For the entries that follow, count the lines containing the string "ענתא" and write only the number.

* _Stored data_

BEGIN

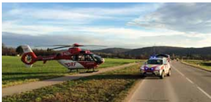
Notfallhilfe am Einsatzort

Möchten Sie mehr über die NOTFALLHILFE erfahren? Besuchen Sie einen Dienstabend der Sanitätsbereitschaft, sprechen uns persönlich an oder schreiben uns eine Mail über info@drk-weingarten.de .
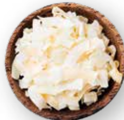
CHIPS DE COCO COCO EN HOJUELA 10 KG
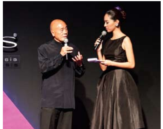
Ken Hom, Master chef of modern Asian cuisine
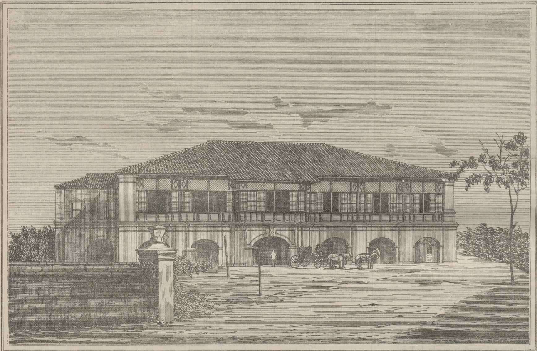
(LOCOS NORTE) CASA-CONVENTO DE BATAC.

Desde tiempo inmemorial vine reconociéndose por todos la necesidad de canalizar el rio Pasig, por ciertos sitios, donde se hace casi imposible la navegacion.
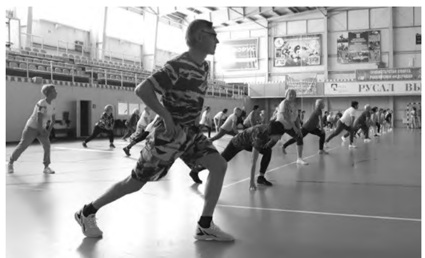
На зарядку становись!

END
BEGIN

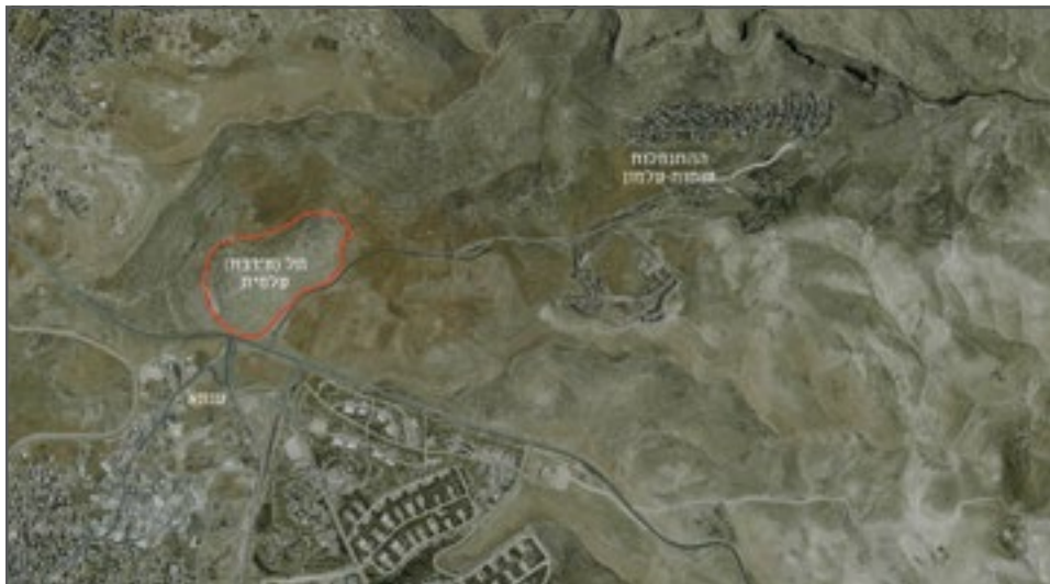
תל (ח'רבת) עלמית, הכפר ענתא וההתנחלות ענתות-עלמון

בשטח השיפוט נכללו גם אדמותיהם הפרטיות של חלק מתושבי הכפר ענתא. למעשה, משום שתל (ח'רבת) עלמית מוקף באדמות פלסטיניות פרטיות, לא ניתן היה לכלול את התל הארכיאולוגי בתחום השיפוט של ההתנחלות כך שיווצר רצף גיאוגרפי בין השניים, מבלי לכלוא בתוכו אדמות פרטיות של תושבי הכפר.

END

* _Problem solution_
2